Modest Stabs at Re-imagining Opera at UC San Diego

Is there an artistic medium more easily satirized than grand opera? Its outrageous plots are legion, and its conventions strike the uninitiated as unnatural. For example, the performers’ most banal conversation is typically communicated in a lyrical singsong ostentatiously called recitative.

Opera thrives on acute suspension of disbelief, e.g. that the large, middle-aged soprano is really a delicate 15-year-old geisha, or the buxom mezzo-soprano is supposed to be a randy 18-year-old guy. Many important opera characters momentarily postpone their looming demise with a grand farewell aria, such as the royal protagonist who is lethally shot at close range onstage, but immediately launches into his most difficult aria of the entire score. Opera and its risible conventions are ripe for various kinds of humor and satire.

Kyle Adam Blair, Hillary Jean Young, Jonathan Nussman, and Ashley Cutright (from left) [photo (c) Farshid Bazmandegan]

Kyle Adam Blair, Hillary Jean Young, Jonathan Nussman, and Ashley Cutright (from left) [photo (c) Farshid Bazmandegan]

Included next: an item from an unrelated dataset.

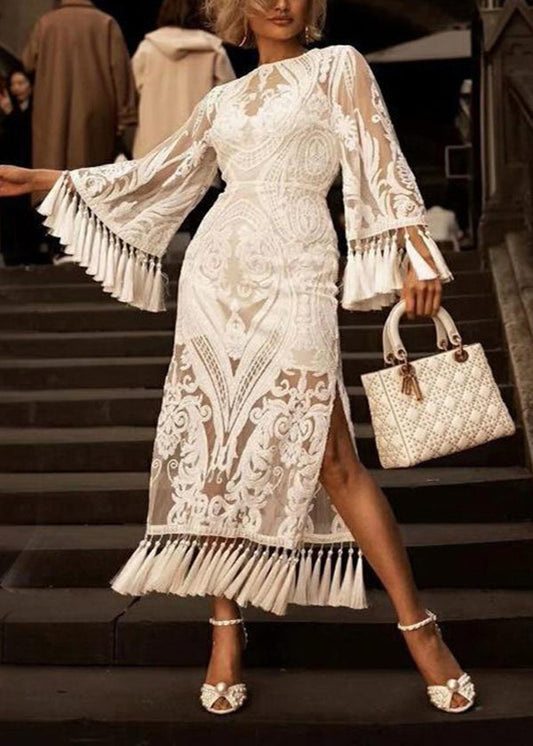 French White Embroidered Tasseled Lace Dress Two Pieces Set Fall QR015

But taking down opera on its own terms—creating opera that cleverly and musically puts down the medium—is no simple affair. This proposition was amply demonstrated Friday (October 7) by The Voice Machine, a collaborative performance of three new short operas at UC San Diego’s Experimental Theatre in the Conrad Prebys Music Center. The Voice Machine approach might be described as the shotgun marriage of Dada opera with the extended “Saturday Night Live” sketch.

Caroline Louise Miller’s How to Survive a 100-Hour Workweek opened with three singers seated at their desks reciting in largely unison declamation psychological advice selected from the Rev. Norman Vincent Peale’s pseudo-theological 1952 best-seller The Power of Positive Thinking. Accompanied by an electronic sound collage, vocalists Hillary Jean Young, Ashley Cutright and Jonathan Nussman provided an engagingly dramatic interpretation of a purposely undramatic text. When the singers left their desks, they came together center stage to sing a trio devoted to the subject of choking. This proved to be the evening’s first hint that the creators of The Voice Machine view continuity as a vice rather than a virtue.

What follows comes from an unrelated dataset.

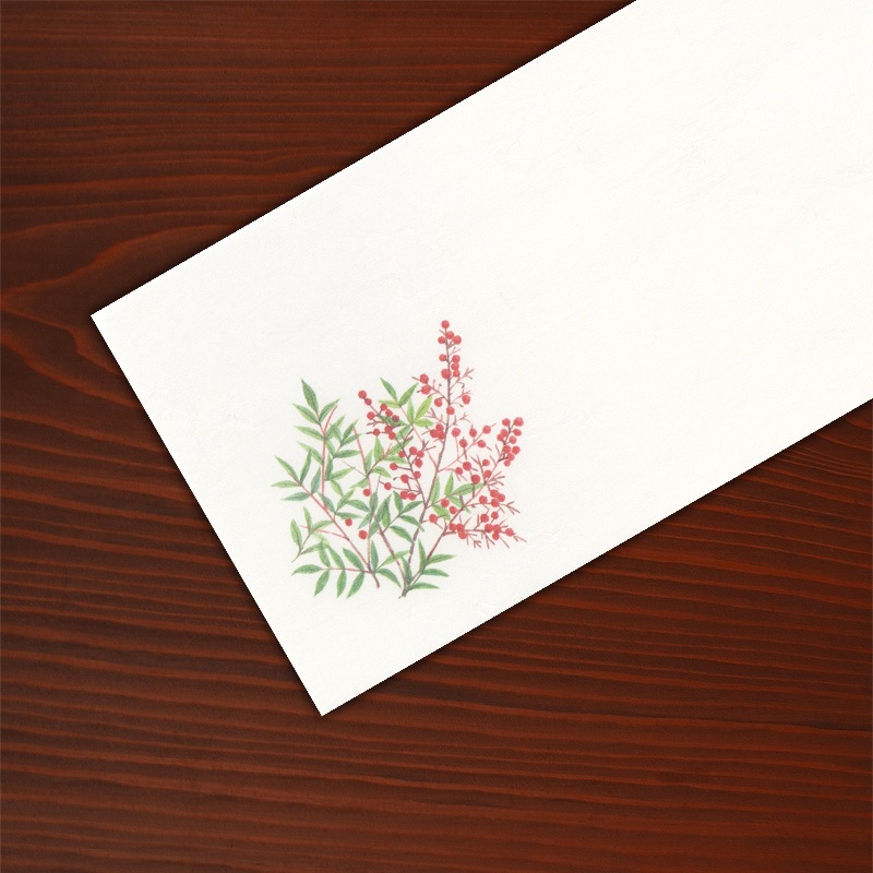 和紙に南天が描かれた四季柄テーブルマットのミニサイズです。

More clearly an update of the 1920s Dada aesthetic, Constantin Basica’s Knot an Opera! cleverly juxtaposed video clips onto real time performance. His most successful conceit had four singers elaborating and extrapolating on a 1950s instructional film about dinner party etiquette. The three singers seated around the center stage dinner table with attending uniformed maid mimicked a scene in the hazy black and white instructional film projected directly above their heads.

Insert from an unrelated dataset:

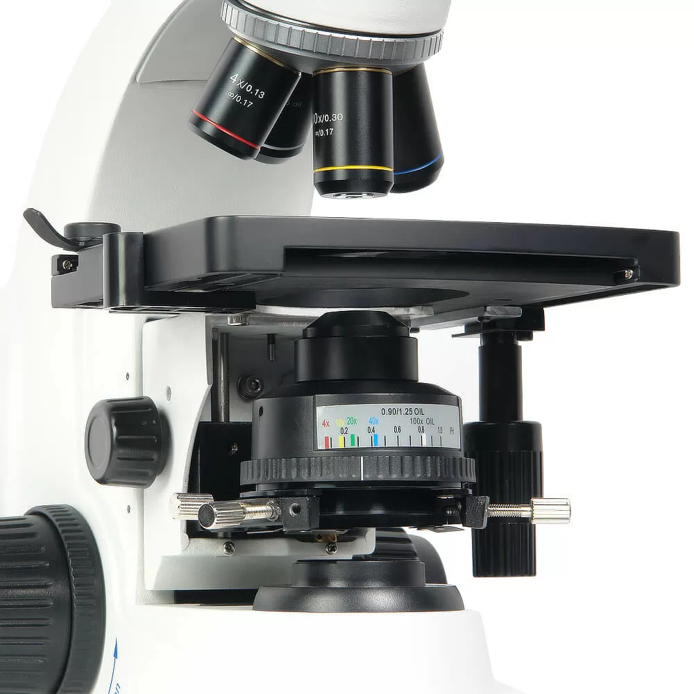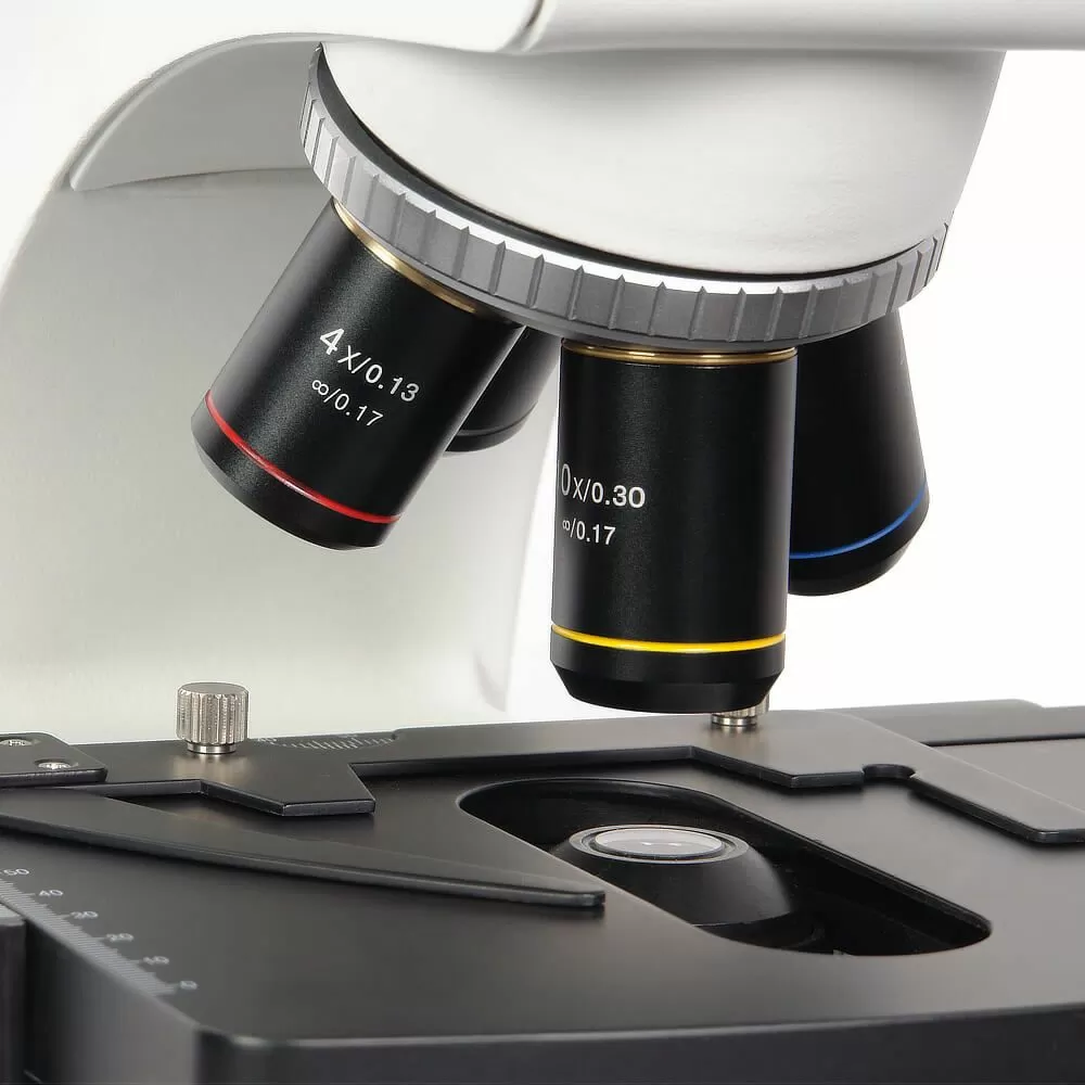 - В комплекте микроскопа объективы с коррекцией на бесконечность 4x/0.13, 10x/0.30, 40x/0.70 и иммерсионный объектив 100x/1.25 oil. По дополнительному заказу могут быть приобретены объективы 20x/0.45 и 60х/0.80. Высокое оптическое качество объективов обеспечивает информативность и комфорт при исследованиях и отличное качество записываемых изображений. Объективы стандартизованы по DIN и имеют парфокальную высоту 45 мм.

In a delicious Dada plot turn, Basica had the maid, soprano Hillary Jean Young, request from the party hostess, soprano Kirsten Ashley Wiest, a letter of recommendation for the potato dish she had prepared and just served to the dinner guests. Wiest launched into an elaborate, quasi-coloratura aria in praise of the potato (both cooked and au naturel) that packed the punch of Leonard Bernstein’s aria “Glitter and Be Gay!” in his comic opera Candide. Accompanied on a digital keyboard by her piano playing teen-age son, Kyle Adam Blair, Wiest displayed a bright, dazzling vocal technique. Blair deftly tamed an outlandish accompaniment that should have distracted from the soprano, but proved uncannily supportive, paralleling musically the poetic hyperbole of the potato aria.

This vignette called to mind A Hand of Bridge, Samuel Barber’s rarely encountered chamber opera, but it is not likely the Basica was using Barber as a model. Other segments of Knot an Opera! included a soprano vocalise, opera singing parodied in an actual Lite Beer commercial, a musical game of charades, and a cat video. As a Romanian composer currently working in California, Basica certainly comes by his Dada roots honestly. One of the leading Dada figures, poet and playwright Tristan Tzara, was a Romanian who left his native soil to work in Paris–arguably the California of the 1920s.

Experiments in Opera II, Jessie Marino’s string of party tricks, took place on a darkened stage on which a number of burning matches represented types of opera projects. Another clever joke placed a spotlight on a singer mouthing the speech and song of an unseen singer of the opposite sex, while another sketch involved the singers in a sweet valentine to some 1960s Motown clips.

If only The Voice Machine composers’ imagination and craft had approached the level of the four singers’ vocal facility and dramatic assurance, this well-intentioned experiment could have been much more successful.